Recommended operator workflow:

  1. Publish the release.
  2. Create a canary rollout from /settings/agents/releases with a small explicit cohort.
  3. Use batch_size: 1 or another small batch for the first rollout.
  4. Leave a non-zero batch_delay_seconds when validating a new train in production.
  5. Use the rollout compatibility preview on /settings/agents/releases to confirm the selected cohort resolves to known agents and matches the published platform set before starting the rollout. The page disables rollout submission for unresolved agent IDs, empty cohorts, or unsupported platforms, and the control plane also rejects those invalid cohorts at submit time.
  6. Watch /agents for version distribution, rollout-state counts, and per-agent target version drift.
  7. Pause the rollout immediately if agents begin failing verification, restart, or health checks.
  8. Resume only after the failure mode is understood.

Operational guidance:

  • Keep cohorts explicit and audit-friendly.
  • Do not mix unrelated platform variants in the same canary unless you have validated artifact coverage for each one.
  • Treat digest mismatch or signature verification failures as release-pipeline problems, not agent-host problems, until proven otherwise.
  • Use cancel only to stop undispatched targets; already running targets will continue until they reach a terminal state.

Rollback Behavior

Agent activation uses a separate updater and a stable package-managed launcher.

Runtime behavior:

  • The agent stages the verified payload under the mutable runtime root.
  • The rollout command points the agent at an authenticated HTTPS download path on agent-gateway, not at the original GitHub/Forgejo/Harbor host.
  • agent-gateway resolves the authorized rollout target, fetches the mirrored object from internal storage, and streams it back to the agent.
  • The updater switches the current symlink atomically to the new versioned payload.
  • The service restarts against the new runtime.
  • If the updated agent does not report healthy before the reconnect deadline, the updater restores the previous target and restarts again.

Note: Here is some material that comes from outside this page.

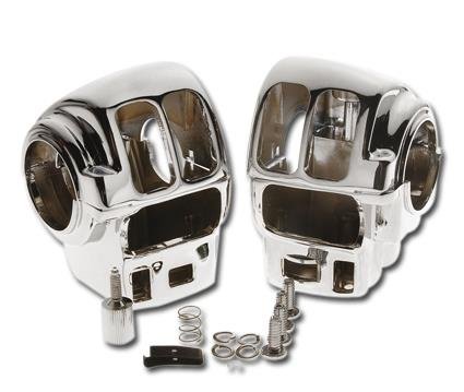 HARLEY DAVIDSON - Manubri - Gusci interruttori comandi cromati per Touring - Riproduzione cromata dei gusci di serie neri. Stampati, cromatura di alto livello. Accettano Interruttori e manicotto gas di serie. Set. - Descrizione: Per Touring con radio e cruise control 1996-2006
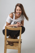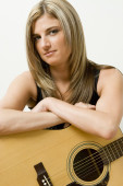 młoda dziewczyna brunetka, opierając się na gitarze

The control plane records terminal per-agent states such as:

  • healthy
  • failed
  • rolled_back
  • canceled

Diagnostics

Use these surfaces first during rollout triage:

  • /settings/agents/releases: published releases, supported platform badges, rollout compatibility preview, disabled invalid rollout submission, rollout-creation validation, recent rollouts, pause/resume/cancel actions, and per-target diagnostics.
  • /agents: version distribution, rollout-state counts, target-version filtering, per-agent last update error.
  • /agents/:uid: current version, desired version, rollout state, last update error, and recent rollout targets.

Common failure patterns:

  • Invalid signature: the agent rejected the manifest before staging.
  • Digest mismatch: the downloaded artifact did not match the published SHA256.
  • No matching artifact: the control plane could not select an artifact for the agent's os and arch. The releases page surfaces this as no matching release artifact for agent platform <os>/<arch> and highlights the affected target as an unsupported platform.
  • Unresolved custom IDs: the rollout cohort includes agent IDs that do not currently resolve to inventory records, so rollout creation is rejected until those entries are corrected.
  • Rolled back: the updater switched versions, but the new runtime did not become healthy before the deadline.

Recovery Playbook

When a rollout is unhealthy:

  1. Pause the rollout.
  2. Inspect last_update_error and the per-agent target state.
  3. If failures are verification-related, fix the manifest, signature, or artifact publication and publish a corrected version instead of reusing the broken one.
  4. If failures are post-restart regressions, let the automatic rollback settle and confirm agents return to the previous version.
  5. Start a fresh canary rollout for the corrected release.

Do not manually mutate files under the package-managed launcher paths during incident response. ServiceRadar-managed runtime payloads are the mutable layer; launcher, unit files, and baseline updater assets remain package-owned.